Create component specification...

**Handoff:** @developer (or default @agent if @developer doesn't exist)

Mistake 7: No User Checkpoint Before Destructive Operations

Problem: Orchestrator auto-progresses through destructive or irreversible steps.

❌ Bad example:

Phase 3: @deployment-agent
  send: true  # Automatically deploys without user review

✅ Solution: Explicit checkpoints before high-risk operations:

### Phase 3: Deployment Preparation (@deployment-agent)

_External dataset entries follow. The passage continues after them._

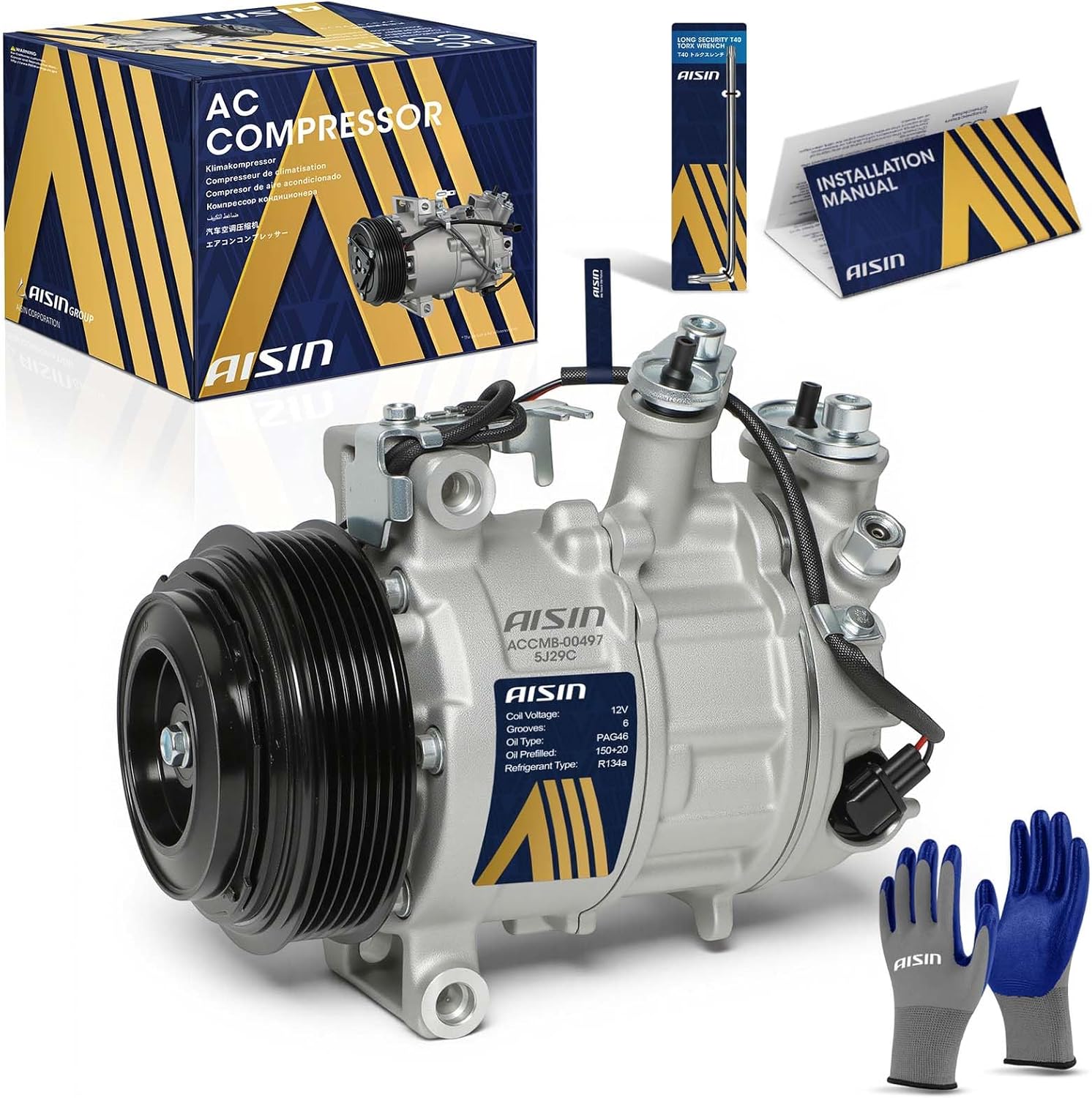 AISIN ACCMB-00497 Air Conditioner AC Compressor - Compatible with Mercedes-Benz C250 C300 C350e C63 AMG S E200 E250 E300 W205 W213 C253 R172 - with 6-Pulley Groove, with Clutch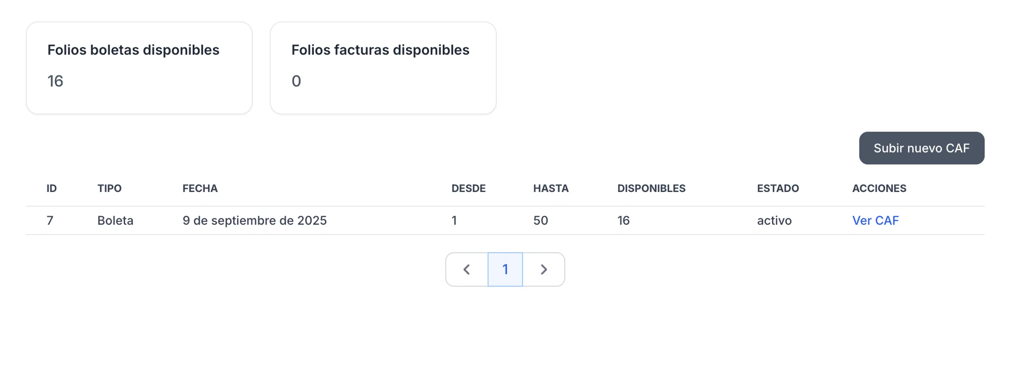 Verás una tabla con tus folios actuales. Haz clic en el botón "Subir nuevo CAF".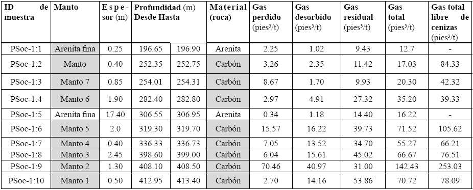 La Tabla 3, del Pozo Socotá 1, presenta los valores de gas total, que fluctuaron entre 12 y 142 pies³/t, con un promedio de 50 pies3/t. Se notó un ligero incremento en el contenido de gas con la profundidad. Los mantos con mayor contenido son el 2 (muestra 9 a 408 m de profundidad), con 142.42 pies³/t, y el 5 (muestra 6 a 319 m de profundidad), con 71.52 pies3/t. Después de las correcciones por ceniza y humedad, los contenidos de gas se incrementaron entre 23 % y 36 %, respectivamente. Ese incremento se debe, principalmente, a que los valores de gas perdido de los contenidos son altos; por ejemplo, el gas perdido en la muestra 9 es de 70,46 pies³/t, lo que es inusualmente alto. Por lo anterior, los valores totales libres de cenizas se incrementaron en las muestras de diferente forma, dependiendo del contenido de ceniza. Los mayores valores se encontraron en los mantos 2 y 5, con 253 y 105 pies³/t, respectivamente.

Prepare deployment artifacts and configuration.

**USER CHECKPOINT:**

⚠️ **Review the deployment plan above before proceeding.**

Verify:
- [ ] Target environment is correct
- [ ] Database migrations are safe
- [ ] Rollback plan is clear

**When ready to deploy:** Click "Deploy to Production" handoff below.

handoffs:
  - label: "Deploy to Production"
    agent: deployment-agent
    prompt: "Execute deployment with user approval"
    send: false  # User must click to proceed

Mistake 8: Poor Handoff Prompt Quality

Problem: Handoff prompts are too generic, providing insufficient context for next agent.

❌ Bad examples:

prompt: "Continue"            # What should agent continue?
prompt: "Do your thing"       # What thing?
prompt: "Next phase"          # What is the next phase?

✅ Solution: Specific, actionable handoff prompts:

handoffs:
  - label: "Generate Tests"
    prompt: |
      Create comprehensive test suite for the ${componentName} component implemented above.
      
      **Test coverage requirements:**
      - Unit tests for all public methods
      - Integration tests for component interactions
      - Edge cases: null inputs, empty arrays, error conditions
      
      **Testing framework:** Jest with React Testing Library
      
      **Success criteria:** 80%+ code coverage, all edge cases handled

Mistake 9: Ignoring Agent Execution Context

Problem: Not considering where agents run (local vs. background vs. cloud).

❌ Bad example (assumes all agents run locally):

Phase 1: @planner (local)
Phase 2: @developer (background)  # Has isolated work tree
Phase 3: @reviewer (local)         # Can't see background changes!

Problem: Background agents work in isolated work trees; local agents can’t see their changes until merged.

✅ Solution: Match workflow to execution context:

## Option 1: All local (synchronous, visible)
Phase 1: @planner (local)
Phase 2: @developer (local)
Phase 3: @reviewer (local)

## Option 2: Background with merge points
Phase 1: @planner (local)
Phase 2: @developer (background - creates PR)
  → USER reviews PR
Phase 3: @reviewer (local - after PR merged)

## Option 3: All cloud (GitHub PR workflow)
Phase 1: @pr-analyzer (cloud)
Phase 2: @security-scanner (cloud)
Phase 3: @approval-agent (cloud)

Key Takeaways

DO:

  • Let orchestrator prompt control workflow; agents execute tasks
  • Include explicit context in handoff prompts
  • Consolidate related phases (aim for 3-5, not 9+)
  • Provide fallback paths for failures
  • Use single orchestrator layer, not nested orchestrators
  • Document required agents with fallback options
  • Add user checkpoints before destructive operations
  • Write specific, actionable handoff prompts
  • Match workflow design to agent execution contexts

DON’T:

  • Split control between prompt and agent
  • Lose context between handoffs
  • Create excessively long sequential chains
  • Omit failure recovery strategies
  • Nest orchestrators multiple levels deep
  • Hardcode agent names without fallbacks
  • Auto-progress through high-risk operations
  • Use vague handoff prompts like “continue”
  • Ignore execution context differences

By avoiding these orchestration mistakes, you’ll build robust multi-agent workflows that handle complexity gracefully, recover from failures, and provide clear user control points.